Your sister has heard nothing of this. She looks so excited. “It’s all over!” she says. “The forms are signed. I’m getting married tomorrow morning!”

“I know.”

“I mean, I was always getting married tomorrow morning. But now I am, officially!”

“I know.”

“I’m so happy!”

You tell her you’ll be there, how much you’re looking forward to it, that you’ll give her anything she needs.

“The night before a Muslim wedding all the women get together, they celebrate with song and dance. But I don’t know any women here. It’s not strictly proper, but would you spend my last evening as a singleton with me?”

You spend the afternoon in the hotel. You don’t check your email.

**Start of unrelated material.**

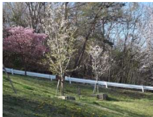
20 周年のオオシマ桜開花 4/28

“They call them henna nights,” Emma explains. “The bride has her hands and feet dyed with henna on the eve of her wedding.”

“Do you have any henna?”

“No.”

You didn’t bring any henna. You did, though, bring the contents of your mini bar.

“I’m not allowed to drink,” says Emma. “I’m a Muslim.”

“You’re not a Muslim until tomorrow,” you point out. So she takes a little bottle of Drambuie and downs it in one. You have a Courvoisier. She has another Drambuie. You have a Smirnoff. She has her third Drambuie. You have your first Drambuie.

“If you’ve got something to say,” Emma pipes up suddenly, “then I think you should just come right out and say it.”

“I haven’t got anything to say.”

“No, come on. Come on. Ever since you got here, no, come on. Look at me. Yes. If you don’t like Abdul, I think you should just have the balls to say so.”

“All right,” you say. “I don’t like Abdul.”

“There you go.”

“I don’t think he’s good enough for you.”

“That wasn’t so hard, was it?”

“I don’t think you should marry him tomorrow. He stinks and is covered in sand. He stinks of sand.”

She has another Drambuie. She’s got a real taste for Drambuie. You think maybe she wants to be rescued. Is that what this is? Is that why she brought you to Egypt? She wants you to rescue her?

“He’s a camel,” you say.

“Yes.”

“He’s just a camel.”

“Yes.”

“I mean, he’s not even a special looking camel. He’s not even some sort of super camel. He looks just like the other camels. And what’s this about you being a fucking
Muslim
?”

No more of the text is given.